“So that’s what the smell is,” Rev retorted. “I thought it was the sulphur smoke, but it turns out it’s just Dray.”
Dray was mid-curse when the gravel behind Zylo burst open in a violent hiss of steam.
A car shot through it like a missile, spinning end over end before crashing down on its roof, skidding in a hail of sparks to the track’s edge.
Another engine howled through the plume a beat later, tyres screaming as a sleek green vehicle tore past the wreckage and slipped in behind Zylo.
My stomach plummeted.
That was Dray’s car—still racing, still whole—which meant the wreck wasn’t his.
“Fuck!”
“Kai!” Zylo’s voice cut through the radio, sharp and urgent. “Can you see anything?”
He was right behind me. If he couldn’t see through the steam and choking black smoke, then neither could I. But one thing was certain. Rev wasn’t standing there watching.
He hadn’t climbed out of the wreck.
Zylo thundered past, engine roaring, and that’s when I realised I was easing off the throttle. My grip had slackened. I stared at the nightmare unfolding in my wing mirror, desperately praying for Rev’s lean silhouette to emerge from the smoke.
But it didn’t.
The smoke only thickened, curling higher into the sky, lit from within by the flicker of flames. My chest tightened. When Dray tore past, I made the only choice I could.

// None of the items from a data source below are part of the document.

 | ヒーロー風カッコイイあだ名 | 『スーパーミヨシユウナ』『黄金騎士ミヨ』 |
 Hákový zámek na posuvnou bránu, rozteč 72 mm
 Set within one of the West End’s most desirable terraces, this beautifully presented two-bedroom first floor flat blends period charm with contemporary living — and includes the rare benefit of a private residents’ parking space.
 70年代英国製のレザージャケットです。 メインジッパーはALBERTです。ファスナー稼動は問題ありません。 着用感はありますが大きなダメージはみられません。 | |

I pulled off the track and powered down.
Sam’s voice crackled in my ear, asking me what I was doing. Before I could respond, Zylo cut in over the radio.
“What’s going on, Kai?”
“You go on, Zylo,” I muttered. “I’ll get him.”
“Kai, I—”
“Don’t worry, man.”
I didn’t blame him for not stopping. Teams trained drivers to continue driving unless they were physically unable to. To leave the accidents to medics and officials. That was the rule.

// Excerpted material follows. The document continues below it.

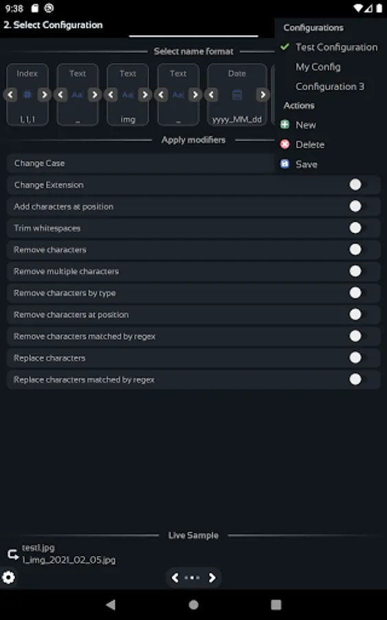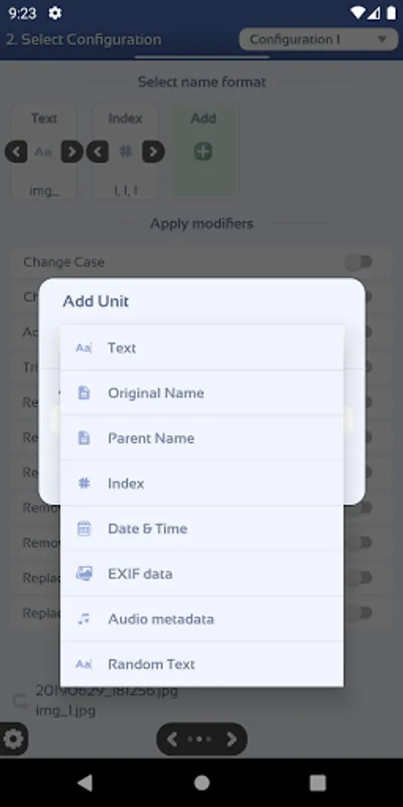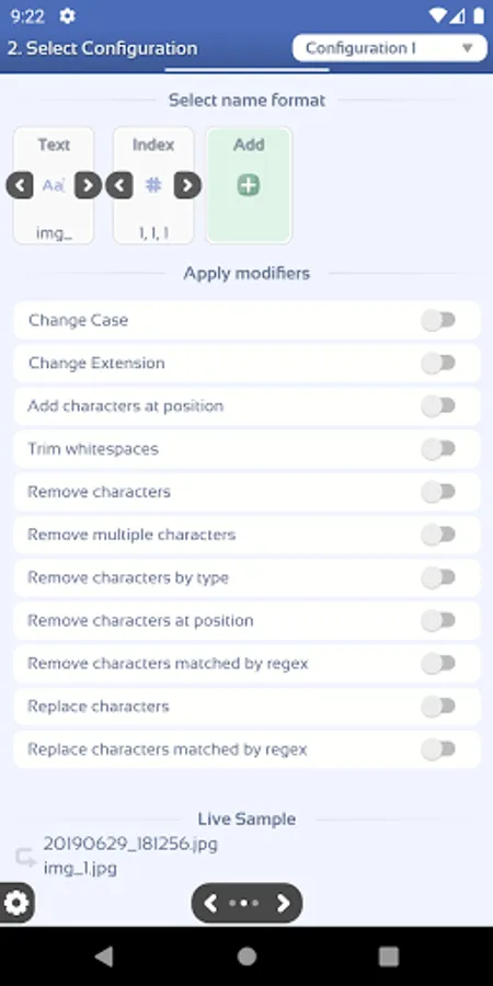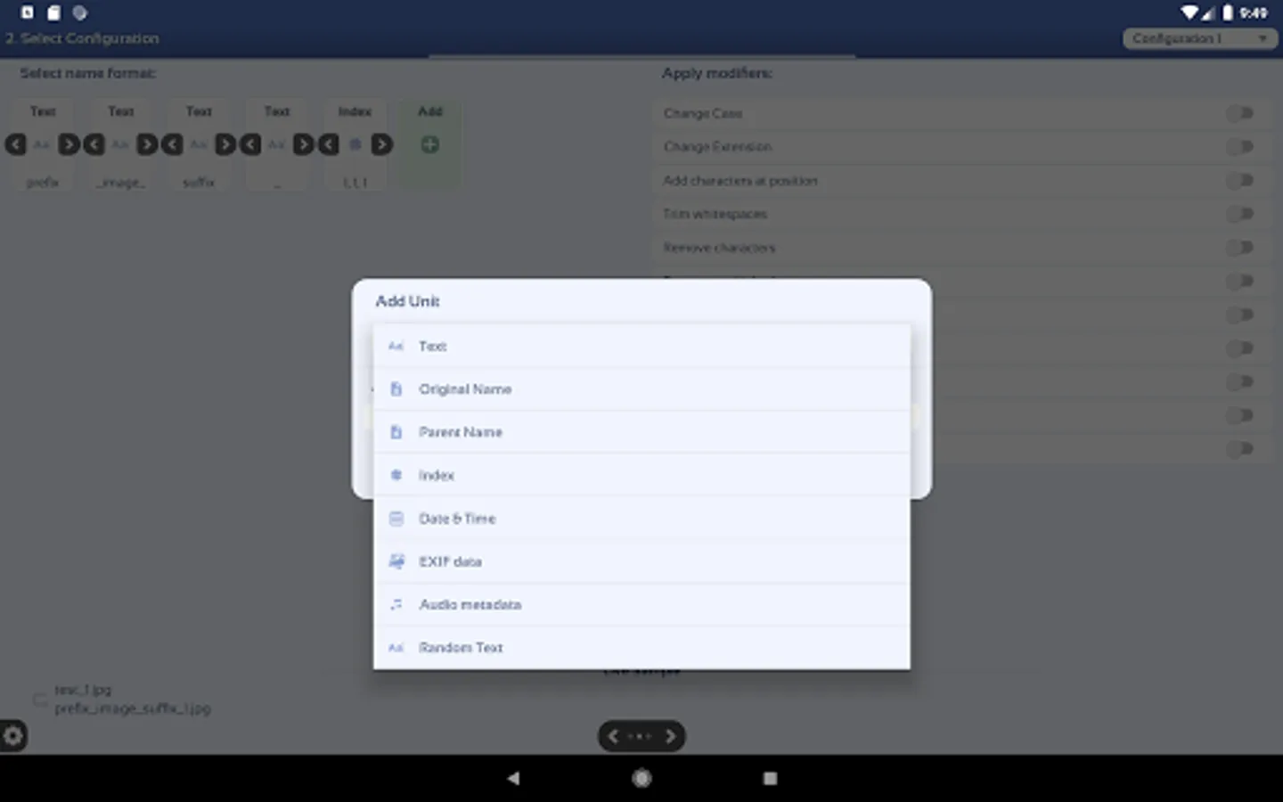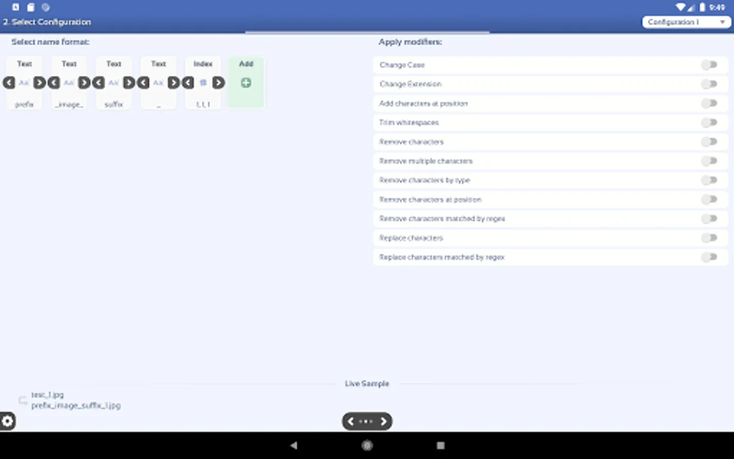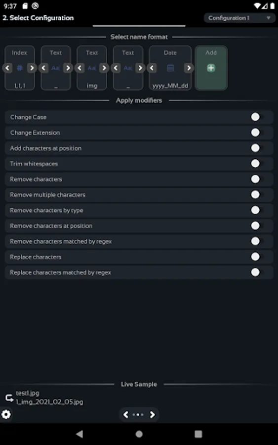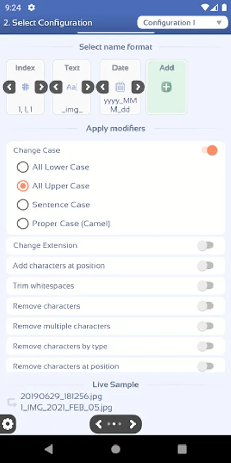 ✓ Original Name - Adds the file's initial name. This is the starting point for every configuration.

But Rev wasn’t just a teammate. He was more than that. And I’d be damned if I left him scared and alone, waiting in the wreckage.
“Take care of him, Kai,” he mumbled with a sniffle.

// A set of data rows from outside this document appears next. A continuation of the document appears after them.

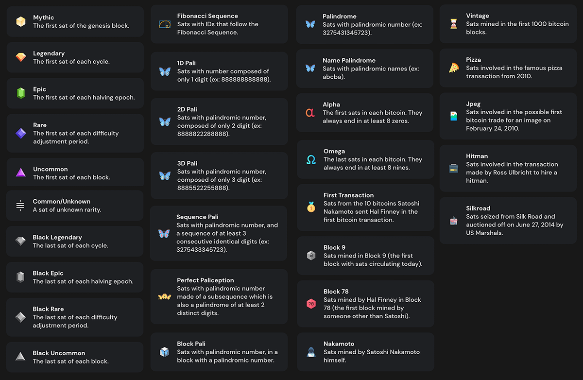 Named after Casey Rodarmor, the creator of the Ordinal Theory, the Rodarmor Rarity Index is used to determine a sat’s special attributes. The index breaks down rare satoshis into the following categories.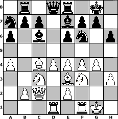 game notation in PGN-format [Event "Der Beste hinter den 1900ern(3/10) oder 10 hoch 2"] [Site "www.myChess.de"] [Date "2010.01.12"] [Round "1"] [White "Gambitianer"] [Black "lasker"] [ECO "C01"] [WhitemyELO "1803"] [BlackmyELO "1351"] [Result "0-1"] [TimeControl "10/864000"] [WhiteDays "00"] [BlackDays "10"] [MyChessNo "62345"] 1. e4 e6 2. d4 d5 3. c4 dxc4 4. Bxc4 Nf6 5. Nc3 Be7 6. f4 O-O 7. Nf3 Nc6 8. O-O a6 9. a4 Bd7 10. h3 Rb8 11. Be3 Na7 12. g4 Bc6 13. Qc2 h6 14. Rad1 Re8 0-1 position notation in FEN-format 1r1qr1k1/npp1bpp1/p1b1pn1p/8/P1BPPPP1/2N1BN1P/1PQ1P3/3R1RK1 - - - 2 15 Captured white pieces: Captured black pieces: Click on a captured piece in order to display the desired move!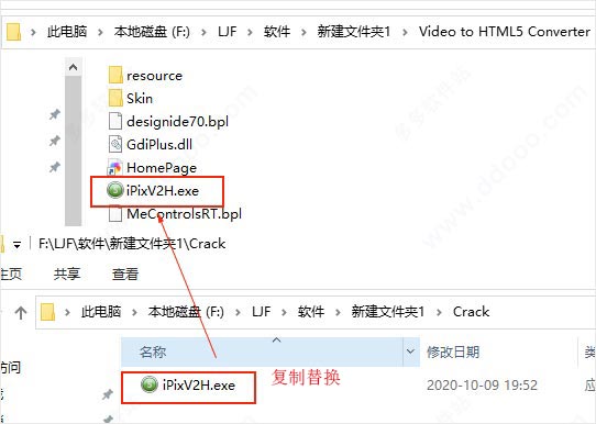 1、首先在本网站下载解压,得到crack补丁和ipixsoft video to html5 converter源程序;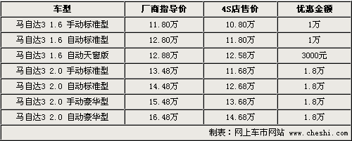 新馬自達3最高優(yōu)惠近2萬 最低僅10.8萬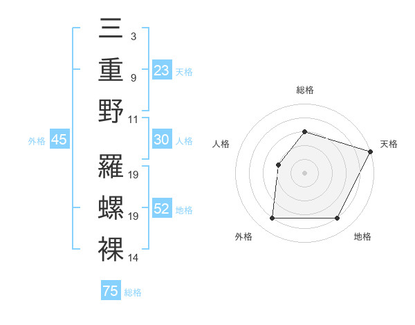 三重野 羅螺裸さんの総格は75画の3点!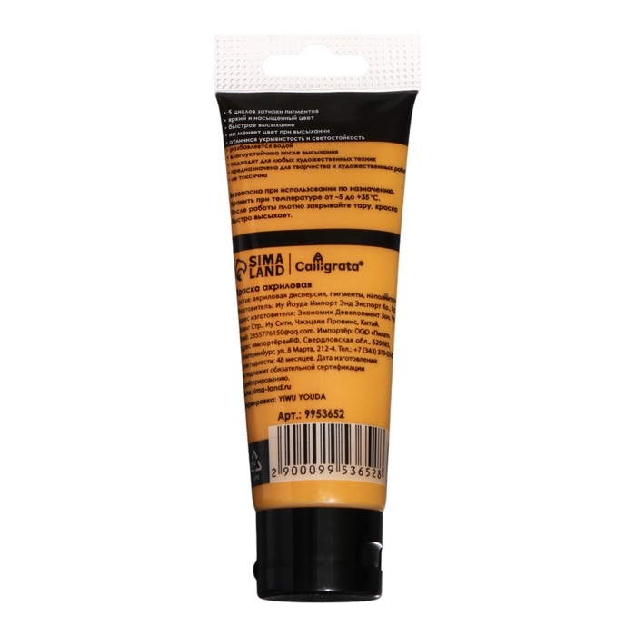 Краска акриловая матовая в тубе 75мл CALLIGRATA, КМ003, Охра желтая, пантон 131С
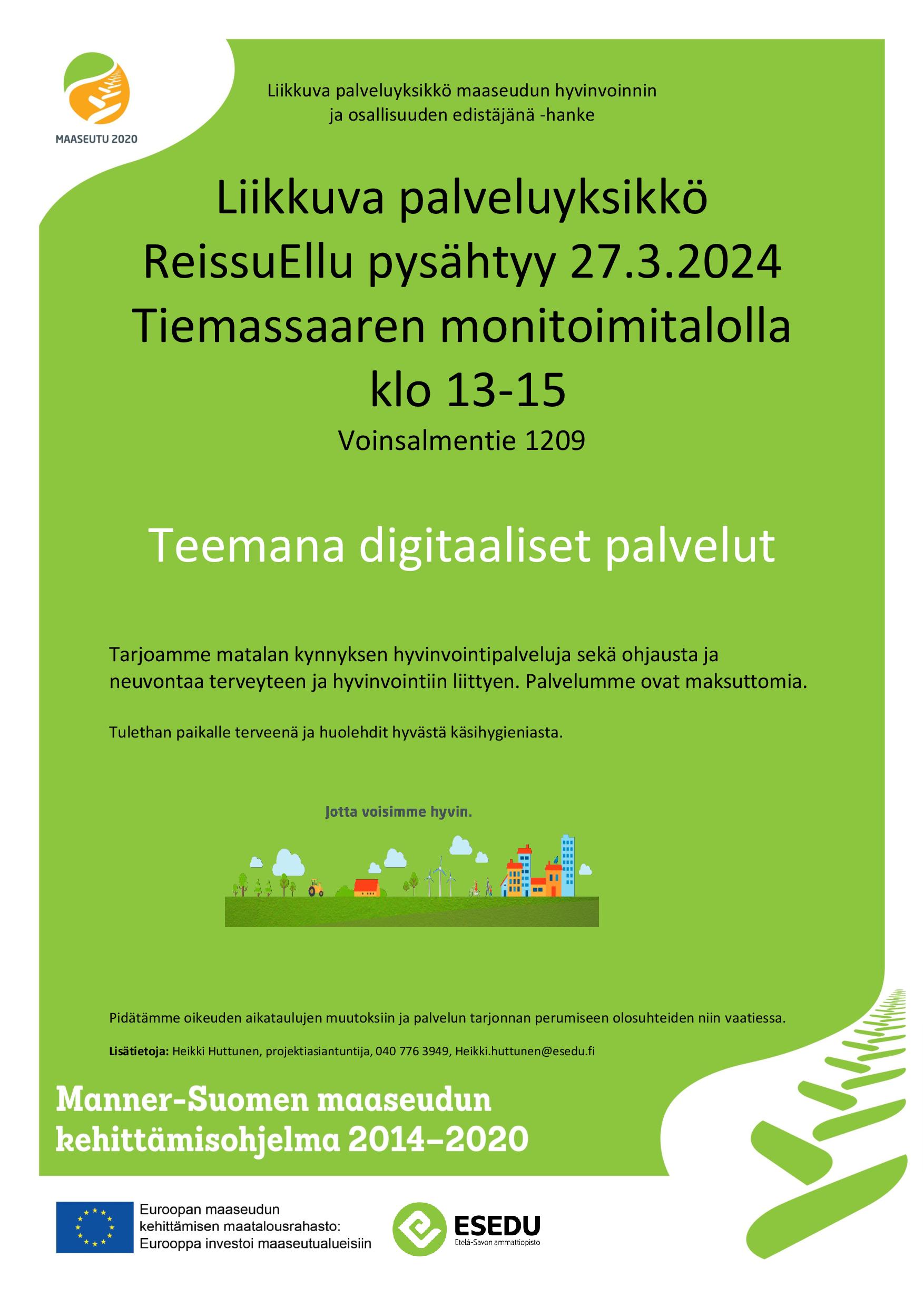 ReissuEllu jatkaa kyläläisten tapaamisia Tiemassaaren monitoimitalolla aina syksyisin. Tilaisuuteen ovat kaikki tervetulleita ja osallistujille maksuttomia. TERVETULOA MUKAAN!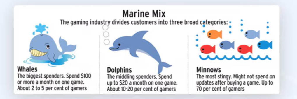 Người chơi còn có thể được phân loại dựa trên thói quen chi tiêu của họ (xem hình ảnh bên dưới). Khía cạnh này cũng khá quan trọng khi xem xét đến khả năng sinh lời của trò chơi. Đặc biệt trong các mô hình miễn phí để chơi, các giao dịch vi mô đóng vai trò khá quan trọng.

“Win this for him, old man.”
One by one, the other drivers streaked past, their engines screaming as they fought for the podium I’d just abandoned. My shot at a fourth championship evaporated with every blur of colour that passed me by.
But none of that mattered now.
Because somewhere behind me, a car was on fire. Rev’s car.
I unstrapped my seatbelt and launched myself from the cockpit. My boots hit the gravel hard, and I ran—heart hammering, lungs burning, ignoring the stewards shouting after me. I didn’t stop. Not when smoke curled above the wreckage like a warning. Not when fear clawed at the edges of my mind, whispering worst-case scenarios I refused to believe.
Winning meant nothing if I couldn’t celebrate with Rev by my side.
The man I loved.
The man who meant everything.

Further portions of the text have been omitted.